Calculate weighted score:
```
quality_score = (
  description_score * 2.0 +
  name_score * 0.5 +
  conciseness_score * 1.5 +
  progressive_disclosure_score * 1.0 +
  examples_score * 1.0 +
  freedom_score * 0.5 +
  dependencies_score * 0.5 +
  structure_score * 1.0 +
  error_handling_score * 0.5 +
  anti_patterns_score * 1.0 +
  testing_score * 0.5
)
```

## Quality Tiers

**Excellent (8.0-10.0):**
- Follows all best practices
- Clearly professional
- Ready for production use
- **Recommendation:** Strongly recommended

**Good (6.0-7.9):**
- Follows most best practices
- Minor improvements needed
- Usable but not perfect
- **Recommendation:** Recommended with minor notes

**Fair (4.0-5.9):**
- Follows some best practices
- Several improvements needed
- May work but needs review
- **Recommendation:** Consider with caution

**Poor (0.0-3.9):**
- Violates many best practices
- Significant issues
- High risk of problems
- **Recommendation:** Not recommended

## Quick Evaluation Process

For rapid assessment during search:

1. **Read SKILL.md frontmatter** (30 sec)
   - Check description quality (most important)
   - Check name convention

2. **Scan SKILL.md body** (1-2 min)
   - Check length (<500 lines?)
   - Look for examples
   - Check for references to other files
   - Note any obvious anti-patterns

3. **Check file structure** (30 sec)
   - Look for reference files
   - Check for scripts/utilities
   - Verify organization

4. **Calculate quick score** (30 sec)
   - Focus on weighted criteria
   - Estimate tier (Excellent/Good/Fair/Poor)

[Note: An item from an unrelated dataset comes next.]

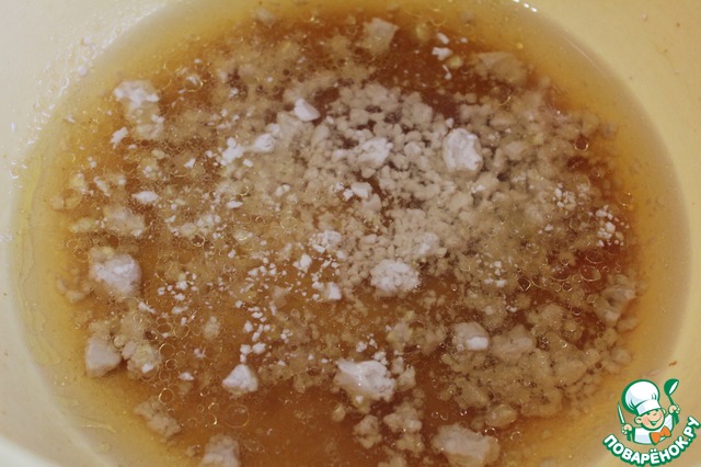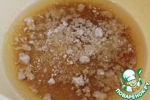 В чашу влить сок, насыпать 60 гр сахара. Сливочное масло нагреть до коричневого цвета, влить к соку, размешать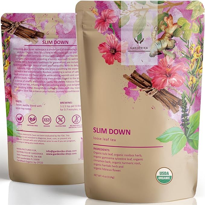 Gardenika Organic Slim Loose Leaf Tea, Herbal, Caffeine-Free, KSA Kosher, Ayurvedic Blend with Tulsi, Rooibos, Turmeric, Hibiscus – 4 oz (1 Pack)

**Total time per skill: ~3-4 minutes**

## Automation Tips

When evaluating multiple skills:

```bash
# Check SKILL.md length
wc -l SKILL.md

# Count reference files
find . -name "*.md" -not -name "SKILL.md" | wc -l

# Check for common anti-patterns
grep -i "claude can help\|I can help\|you can use" SKILL.md

# Verify Unix paths
grep -E '\\\|\\\\' SKILL.md

# Check description length
head -10 SKILL.md | grep "description:" | wc -c
```

## Reference

Based on official Anthropic documentation:
- [Agent Skills Overview](https://docs.anthropic.com/en/docs/agents-and-tools/agent-skills/overview)
- [Best Practices Guide](https://docs.anthropic.com/en/docs/agents-and-tools/agent-skills/best-practices)
- [Claude Code Skills](https://docs.anthropic.com/en/docs/claude-code/skills)

---

**Usage:** Use this checklist when evaluating skills found through skill-finder to provide quality scores and recommendations to users.